**ASSIGNED TASK**
Starting with the line where "光り輝く金閣寺を見て、子どもたちは目を輝かせていました。" appears, print every line through the end of the entries below exactly as it stands, and leave out the pictures.

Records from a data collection
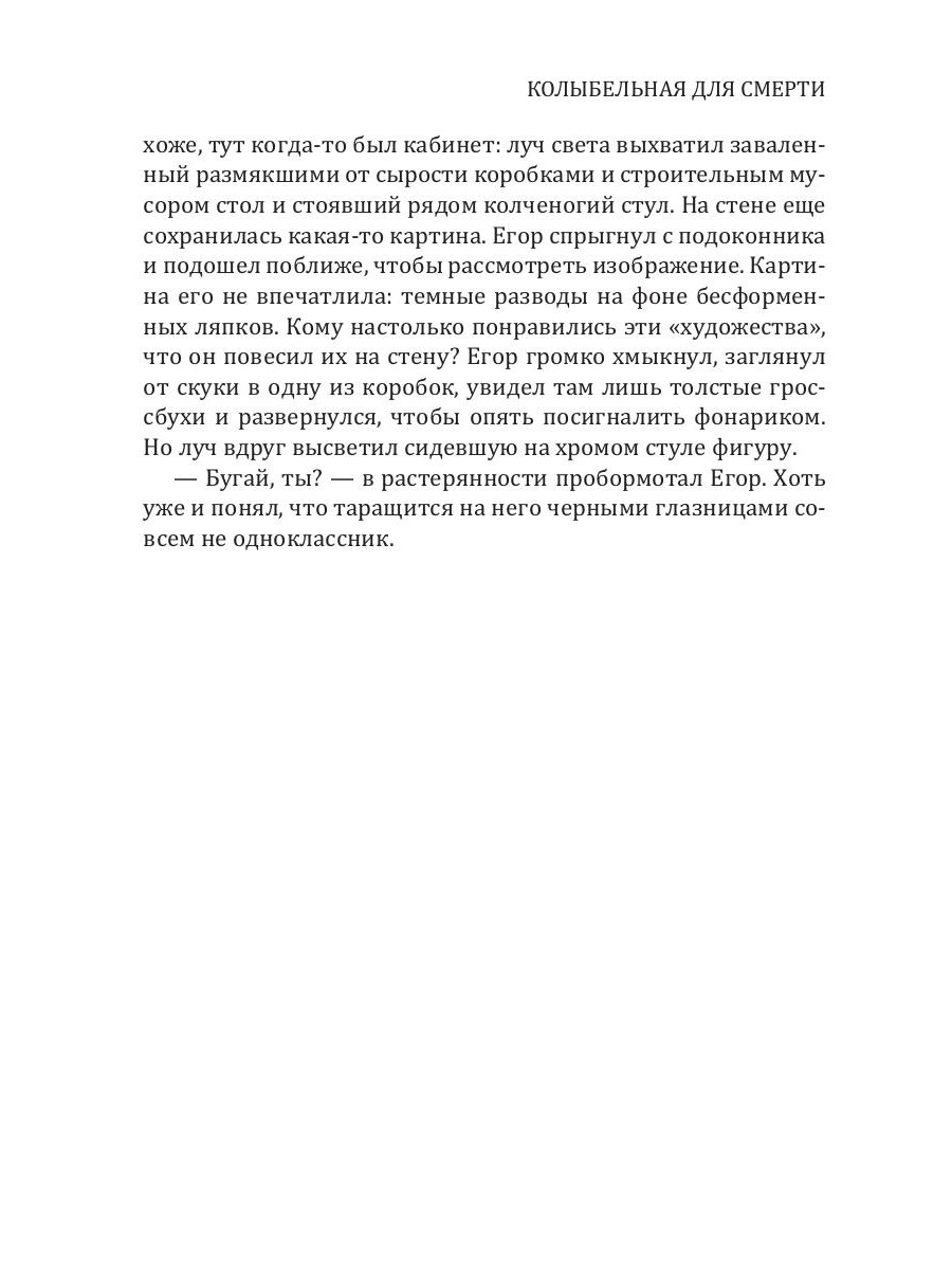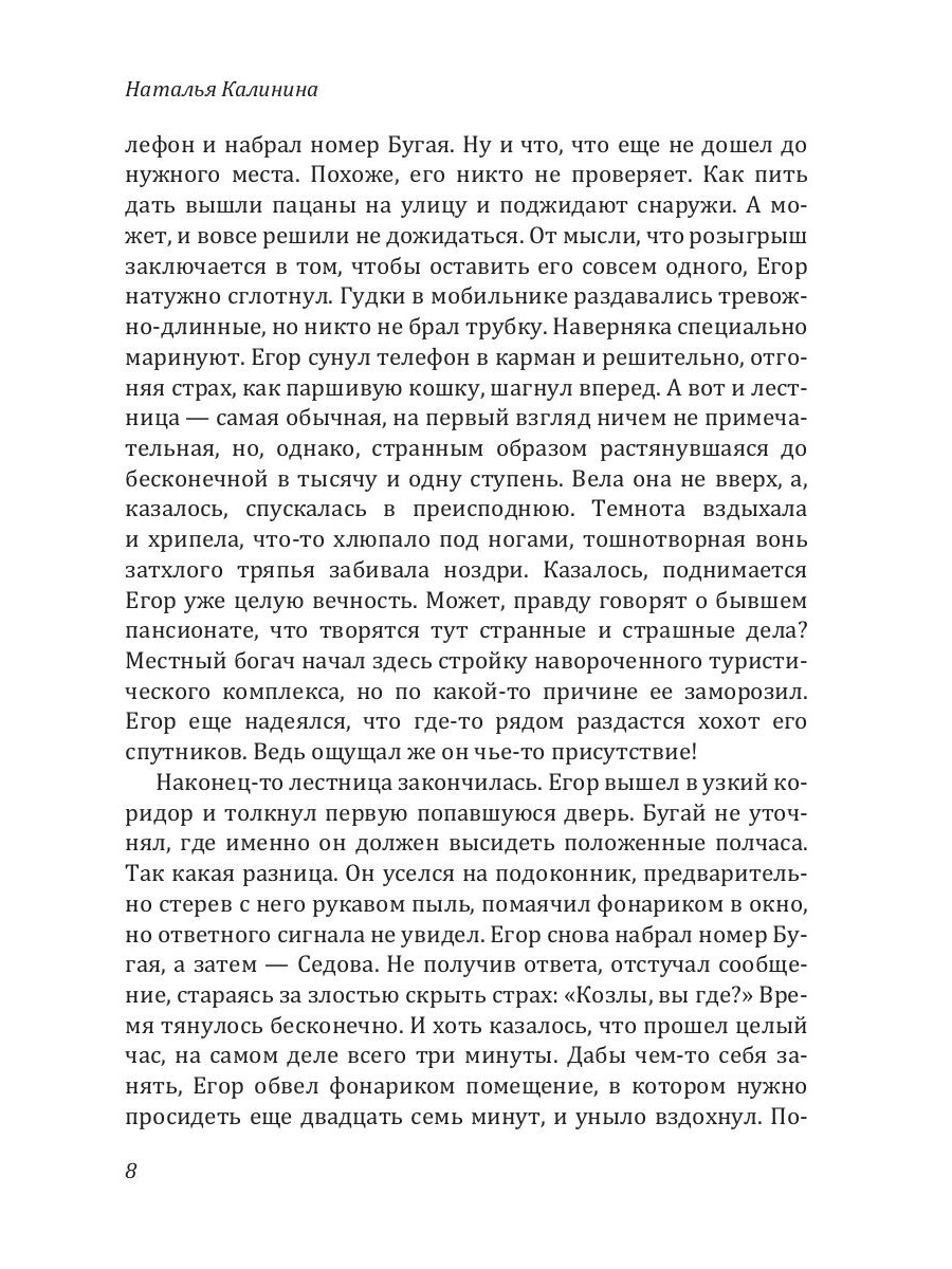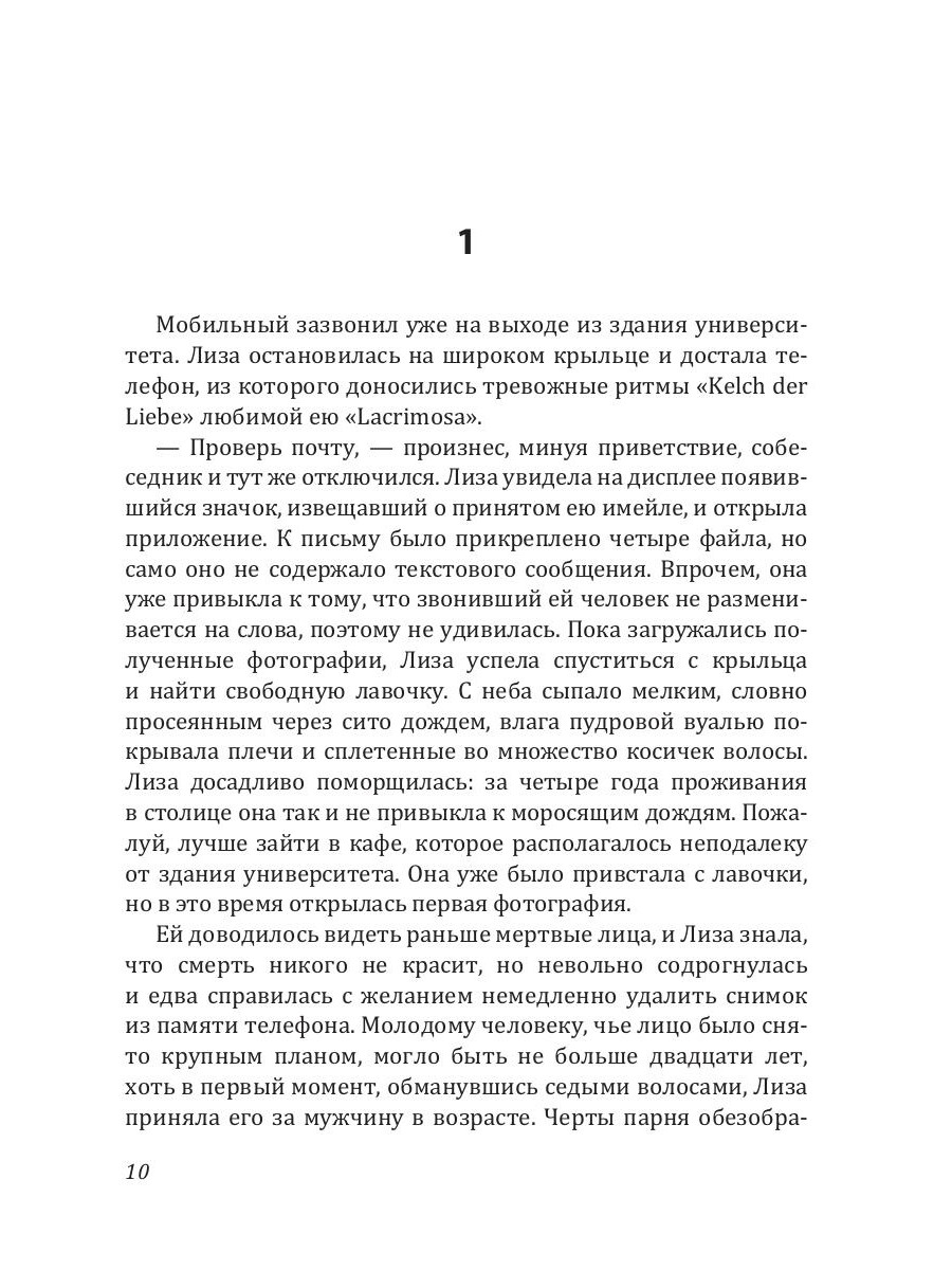 У Лизы есть дар ясновидения, но она почему то не может найти любимого мужчину, который пропал уже больше года назад. Помогать девушке взялся знаменитый экстрасенс Владлен, но дело так и не сдвинулось с мертвой точки. Все становится еще более запутанным, когда в полуразрушенном пансионате находят тела трех подростков, а сам Владлен погибает. Теперь Лизе предстоит заглянуть по ту сторону смерти, рискуя не найти обратную дорогу.| Издательство | Т8 RUGRAM |
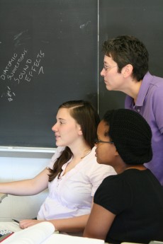 Chemistry professor Dawn Wiser instructs Leah Frenette '12 (left) and Thandeka Mabuza '12 during their lab.
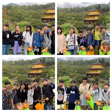 光り輝く金閣寺を見て、子どもたちは目を輝かせていました。
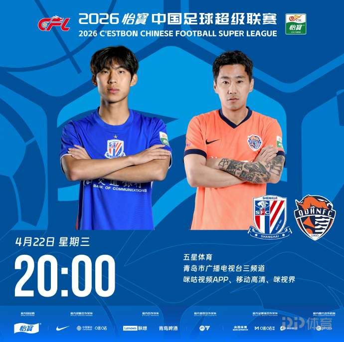 北京时间今晚20点,中超联赛第7轮,上海申花主场迎战青岛海牛,赛前两队首发阵容公布。
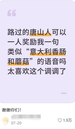 這讓人想起最近網上的流行梗,當你唱出“我們的祖國是花園”時,你就學會唐山話了。
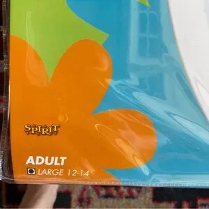 Bright orange knit top, burgundy / maroon woven skirt, orange socks, with glasses. Only worn once.
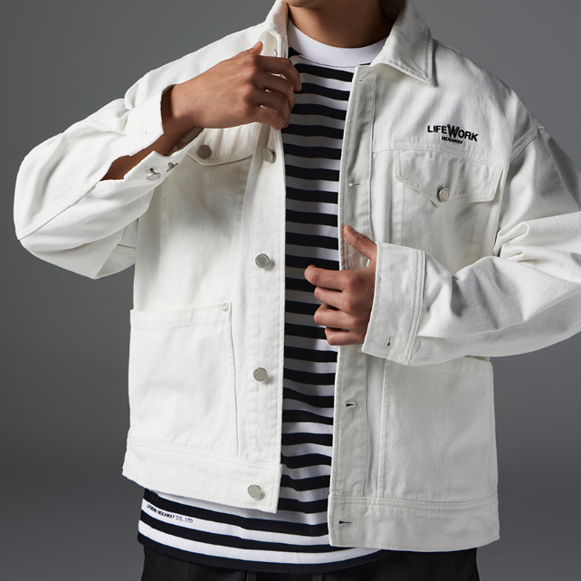LIFEWORK - COTTON TWILL TRUCKER JACKET OFF WHITE
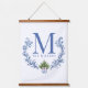 Blue Monogram Crest with Christmas Tree Hanging Tapestry
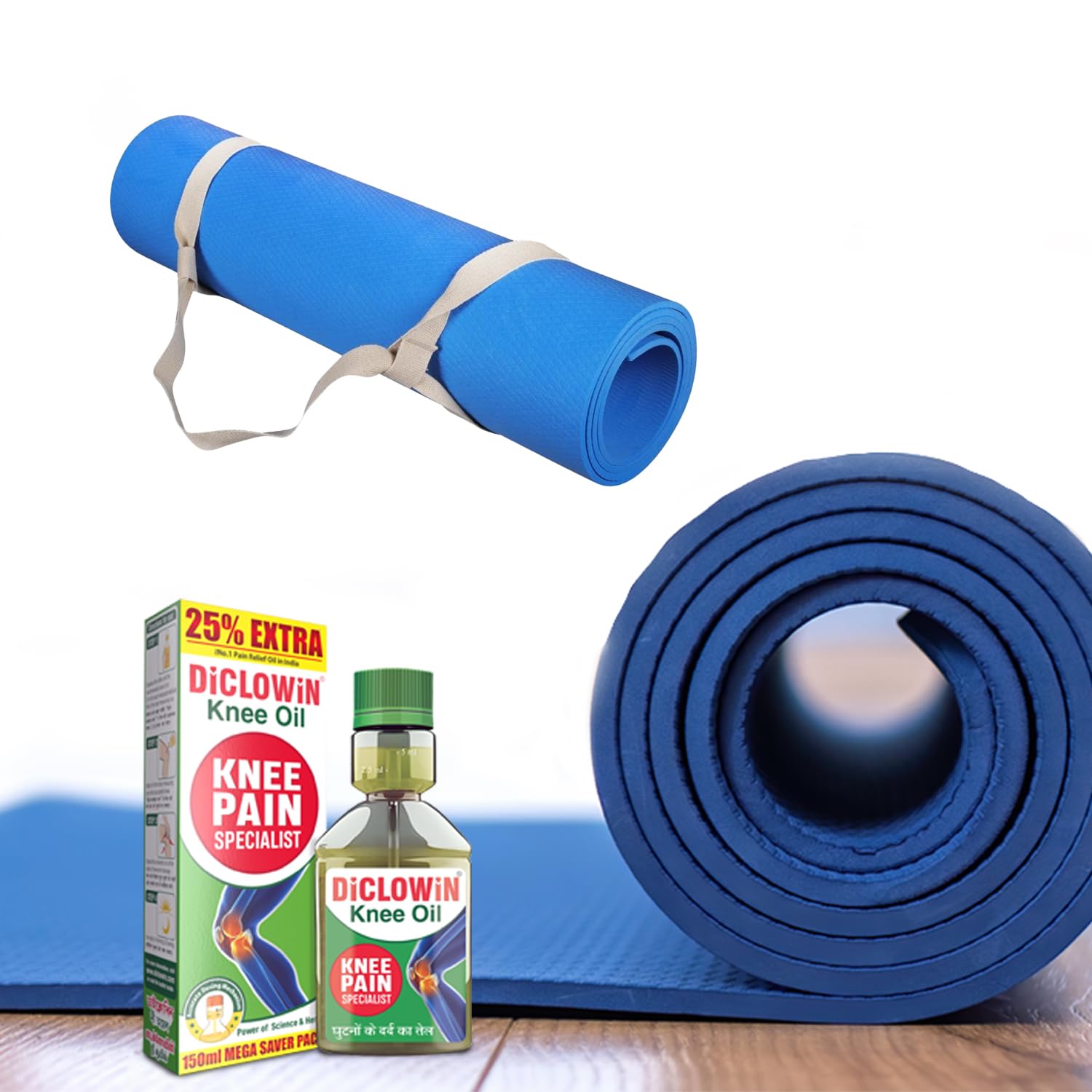 DiCLOWiN Yoga Combo: Knee Pain Oil (150ml) + Anti-Slip Yoga Mat for Seniors (6mm) | Joint & Arthritis Relief with Deep Penetrating Action | Exercise Stretch and Rest with Lasting Comfort & Mobility
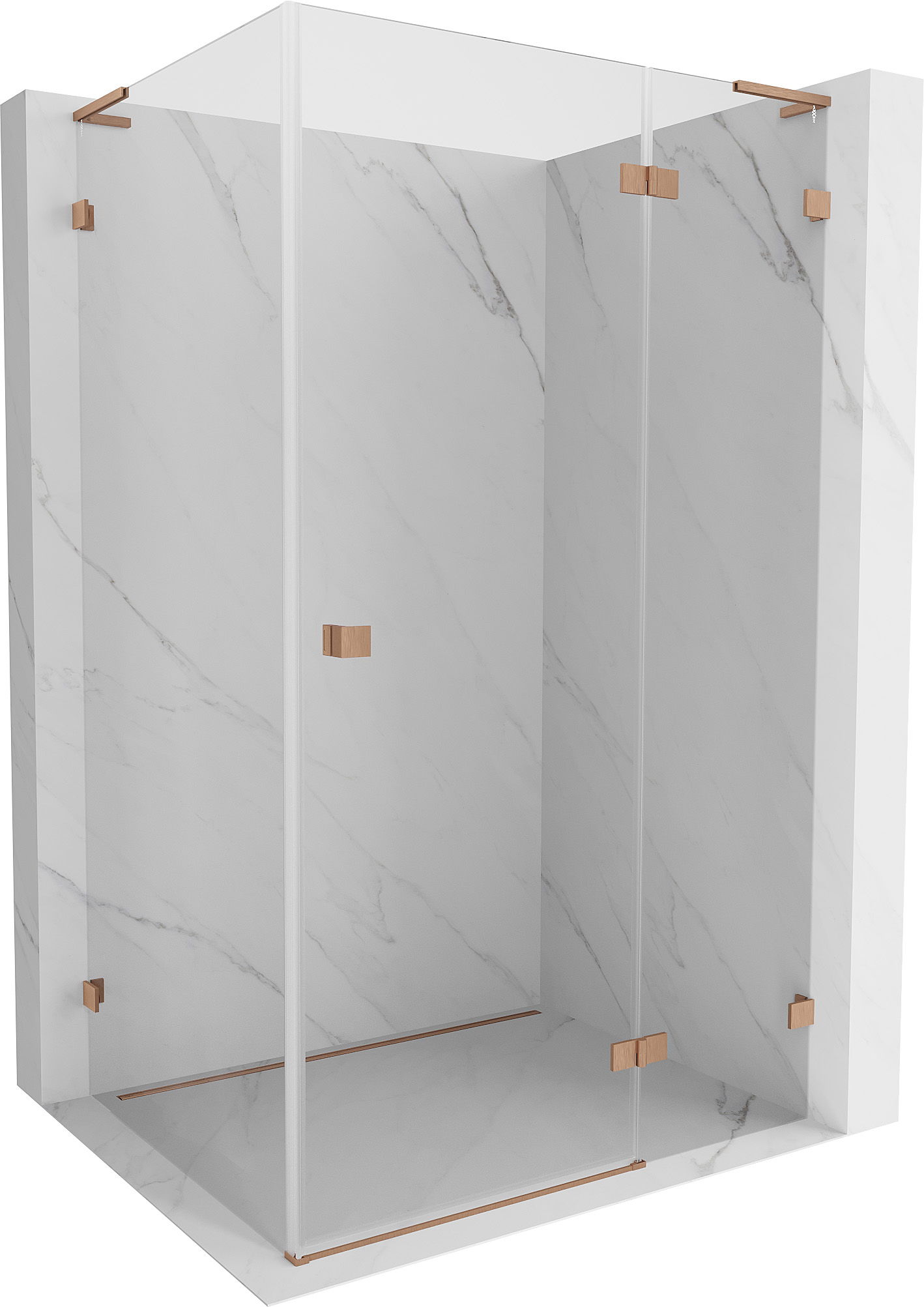 Mexen Lunar L kallistuva suihkukaappi oikea 95 x 70 cm, läpinäkyvä, harjattu kupari - 834L-095-070-65-00-P

**COMPLETED TASK**
 光り輝く金閣寺を見て、子どもたちは目を輝かせていました。
 北京时间今晚20点,中超联赛第7轮,上海申花主场迎战青岛海牛,赛前两队首发阵容公布。
 這讓人想起最近網上的流行梗,當你唱出“我們的祖國是花園”時,你就學會唐山話了。
 Bright orange knit top, burgundy / maroon woven skirt, orange socks, with glasses. Only worn once.
LIFEWORK - COTTON TWILL TRUCKER JACKET OFF WHITE
 Blue Monogram Crest with Christmas Tree Hanging Tapestry
 DiCLOWiN Yoga Combo: Knee Pain Oil (150ml) + Anti-Slip Yoga Mat for Seniors (6mm) | Joint & Arthritis Relief with Deep Penetrating Action | Exercise Stretch and Rest with Lasting Comfort & Mobility
 Mexen Lunar L kallistuva suihkukaappi oikea 95 x 70 cm, läpinäkyvä, harjattu kupari - 834L-095-070-65-00-P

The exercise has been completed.